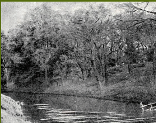
Harlaxton Cutting in the 1900's
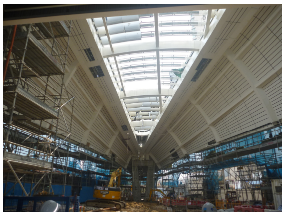
Construction of curved steel roof clad in progress
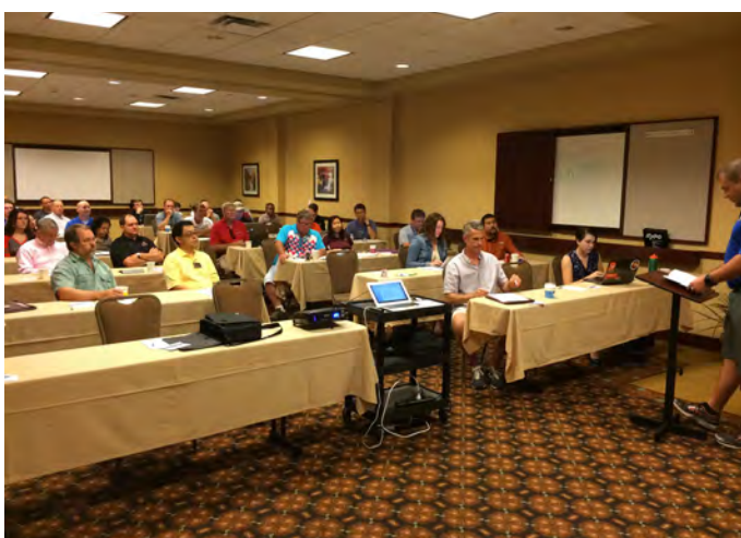
Attendees at the 2015 SERA-IEG 25 meeting in Oklahoma City.
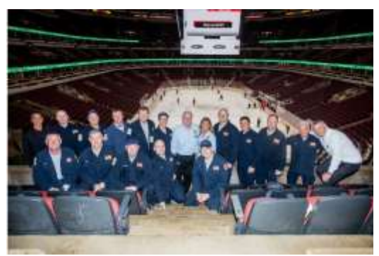
MABAS was invited to the Black Hawks Training Session
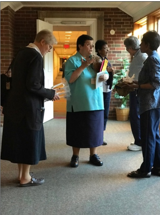
Conversations generated in small groups at Assembly continue into hallways during breaks.
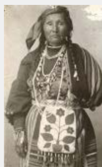
Indian Woman
+++
Omit the images and transcribe all of the records above word for word.

Harlaxton Cutting in the 1900's
Construction of curved steel roof clad in progress
Attendees at the 2015 SERA-IEG 25 meeting in Oklahoma City.
MABAS was invited to the Black Hawks Training Session
Conversations generated in small groups at Assembly continue into hallways during breaks.
Indian Woman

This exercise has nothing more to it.